Maybe you've got the wrong units to start with. So maybe the whole premise of buying a bunch of gross rating points, or buying TV impressions, is that necessarily the right thing? Should you be optimising your campaigns for that? Or should you be rethinking the whole thing? When it comes to marketing in general, not enough marketers have established credible alternatives. One of the solutions is that we should be thinking about totally different alternatives to help marketers satisfy their marketing goals.

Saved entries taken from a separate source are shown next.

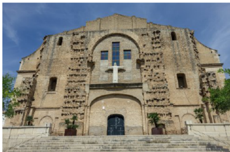
L'antiga església de Mont-Roig.

E ns enfilem tot seguit cap a l'ermita de Sant Ramon de Penyafort i jo no puc deixar de pensar, de sorprendre'm per l'esforç, la feina dels picapedrers esculpint els esglaons en la pedra sorrenca de color roig, tots ells tan simètrics i rectes picats a mà i amb els mitjans que disposaven els primers anys del segle XIII, és a dir una escarpa, un martell i poca cosa més.
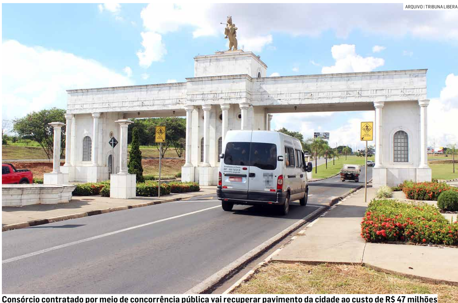
Consórcio contratado por meio de concorrência pública vai recuperar pavimento da cidade ao custo de R$ 47 milhões

O projeto de pavimentação, que tem como objetivo melhorar a infraestrutura viária de Paulínia, foi homologado e adjudicado em 28 de agosto de 2024. A Secretaria Municipal de Obras e Serviços Públicos coordenará o andamento das obras, que foram au-
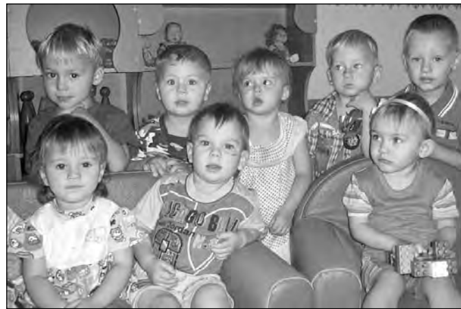
Юные хозяева детского сада «Солнышко».
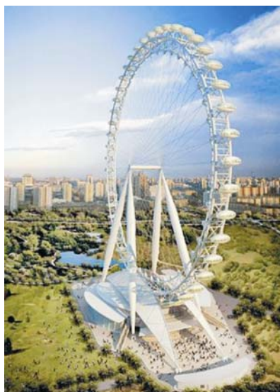
Budući najviši kotač na svijetu

Kineski će zid dobiti konkurenciju. Peking je otkrio ambiciozni plan izgradnje najvećeg i najvišeg kotača na svijetu.
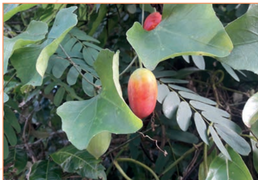
Epipremnum aureum – Pothos doré
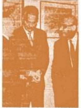
Reception de l'Association des amis de Guynemer par le club des 3 A.

À SON SIÈGE, BOULEVARD CARNOT L'Aéro-Club d'Algérie a reçu l'Association des amis de Guynemer
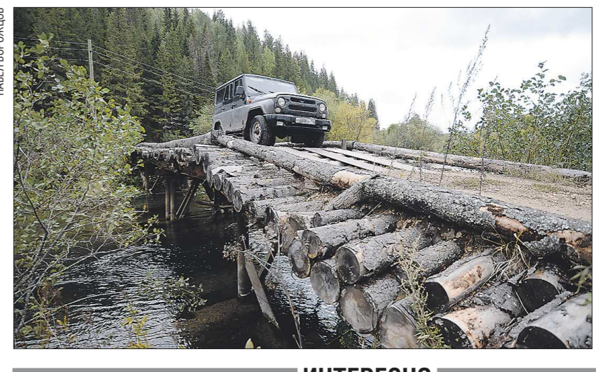
Через такой мост по дороге в деревню «ОГ» ехала на «УАЗике»

— Таксофон поставлен для двух местных жителей — вдруг понадо-
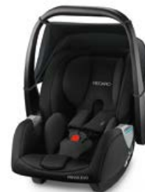
Performance Black 5517.21534.66
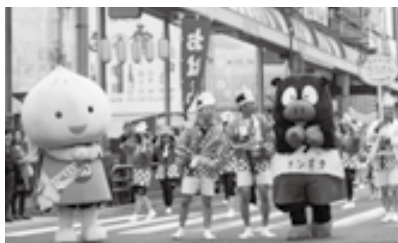
黒豚くん/ユニオニオン君

また、県職労本部様より12人、南日本総合サービス分会様より3人、全農林様より1人、南日本新聞開発センター様より1人、計17人の会員さんの参加、ありがとうございました。
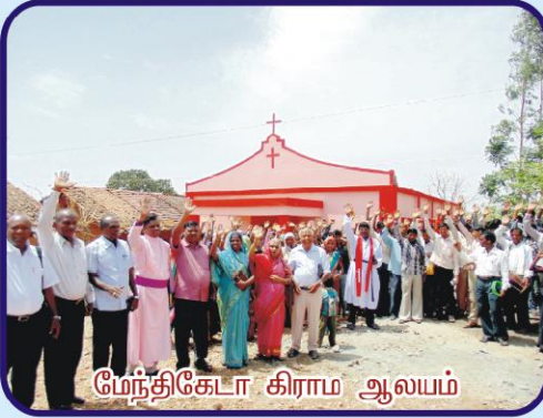
மேந்திகேடா கிராம ஆலயம்
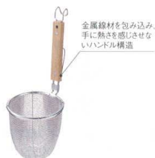
2 TSステンレス 木柄 てぼ 丸底(18-8アミ・8メッシュ) [ATBA-19] E 13-0164-0201 ¥3,200 サイズ：φ140×H150×柄長210
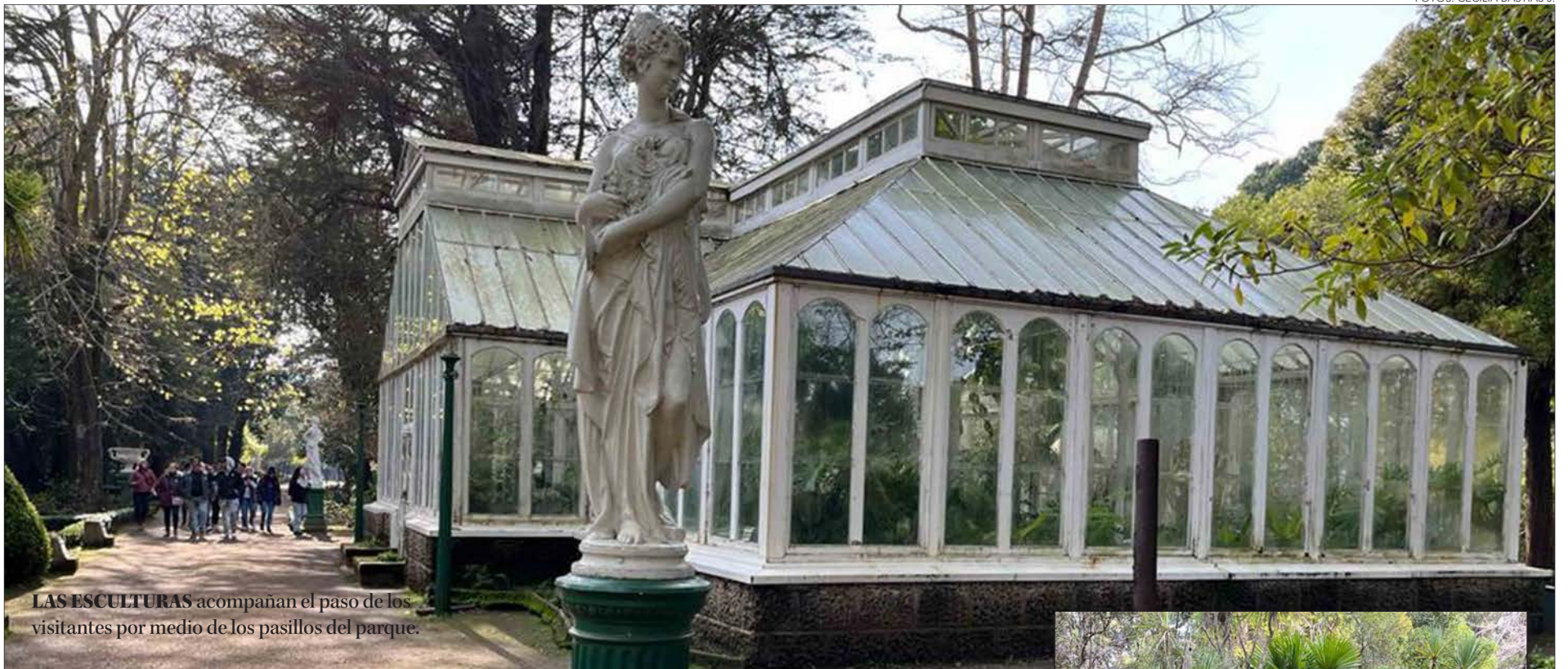
LAS ESCULTURAS acompañan el paso de los visitantes por medio de los pasillos del parque.

LUIS COUSIÑO SQUELLA LO REGALÓ A SU ESPOSA ISIDORA GOYENECHEA
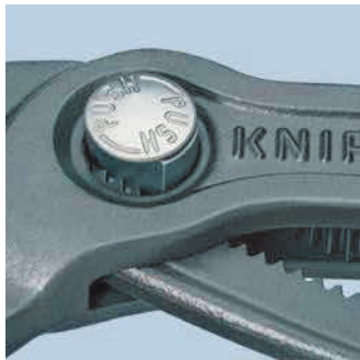
Precyzyjna regulacja za pomocą przycisku: szybko i wygodnie

Szczypce z uchwytem do mocowania zabezpieczenia przed upadkiem
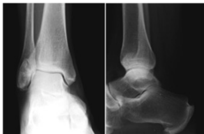
Figura 1. Radiografia do tornozelo direito: sinostose por ossificação heterotópica do ligamento tíbio-peroneal anterior distal.

Na radiografia simples realizada apresentava uma sinostose (ósseo-cartilaginosa) a nível da sindesmose anterior, por ossificação heterotópica do ligamento tíbio-peroneal anterior distal, que inicialmente foi interpretada como uma fratura de sinostose prévia, devido à sua componente rádio-transparente cartilaginosa (Fig. 1).
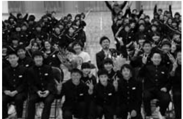
【平成26年度予餞会の様子】

本年度も、生徒会を中心に、2月から予餞会の取り組みが始まっています。3年生の輝かしい門出を在校生全員で創りあげていきます。
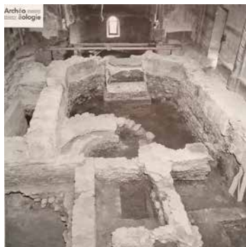
A partir d'une photo prise lors de la rénovation de l'église en 1972.

La rénovation de l'église paroissiale de Muraz en 1972 a mis à jour dans son sous-sol des vestiges de différents édifices : d'abord d'une villa romaine du I er siècle, puis d'une seconde villa romaine, puis d'un premier oratoire vers le VI e siècle, puis d'un second oratoire ou chapelle, puis d'une église du XVII e siècle, puis de l'église démolie à la fin du XIX e siècle.
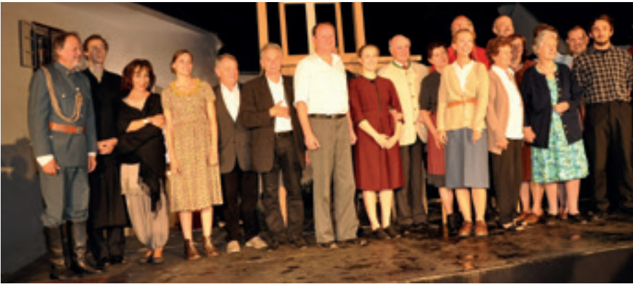
Die Bühne Weinviertel spielte „Jägerstätter“ von Felix Mitterer (6. v. l.) im Brandlhof, 2014.
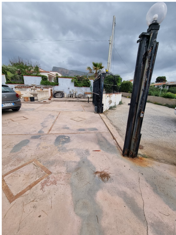
Sostituzione dei pilastri in ferro di sostegno del cancello e del cancelletto di ingresso compreso di binario e trave di fondazione in calcestruzzo
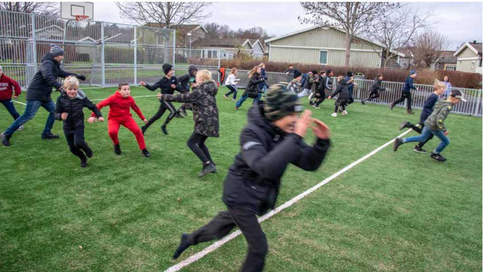
Efter maten fick den nya arenan i Änggården Södra Nol visa vad den går för när fyrorna lekte den populära leken "Slimeklumpen". Det gäller att ta sig förbi klasskompisarna utan att bli fångad, då blir man en slimeklump och är ute ur leken.
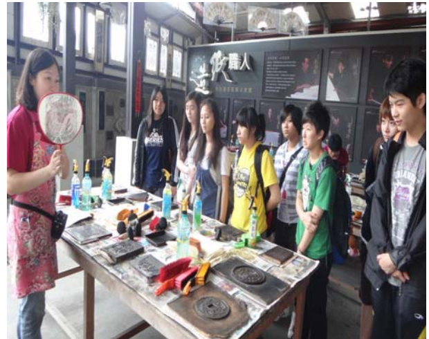
廣興紙寮—導覽老師介紹紙扇拓印
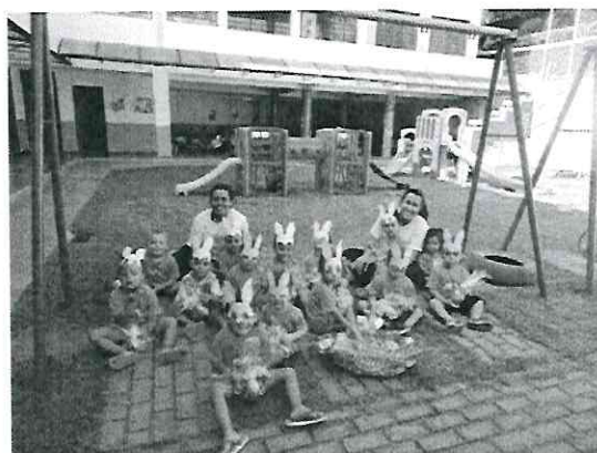
Caçada aos Ovos de Páscoa

Is the growth of content marketing satisfactory? What kind of growth do you predict over the next five years?

Content marketing is a tactic. It should grow faster. There will always be brands who find a benefit to developing content to reinforce what their brand is trying to accomplish. It is not necessary that every brand should do. And therefore, what's the right rate of growth? It's almost a function of fashion. Objectively, there clearly are more and more brands that are looking at it. Defining number is hard and quantifying is even harder.

Digital video consumption is at its peak but it lacks a credible, unified measurement system.  Will we see a solution to this?

There will always be incremental improvement, I don't think measurement only gets harder and harder. What we define as being part of the medium moves faster than the tools and the systems and the agreements between all the different industry participants can find solutions.

How much focus do you have on the India market?

A fair amount of focus would be there on India since it's now a top-10 market. It's still growing pretty rapidly. It's one of the countries I try to familiarise myself with. India is a market where I plan to spend time thinking about the data and making sure that I understand the underlying trends going on in depth.

How different would your approach be for India, given that it is the most diverse demographic?

It's not that the diversity of the market that makes it challenging. I think it’s fragmentation that can always make it hard to assess markets. I think every company's data presents different problems. For example, if you have a really fragmented market but if you have a great census or a great source of truth of data such as a government Census Bureau, all problems are solved.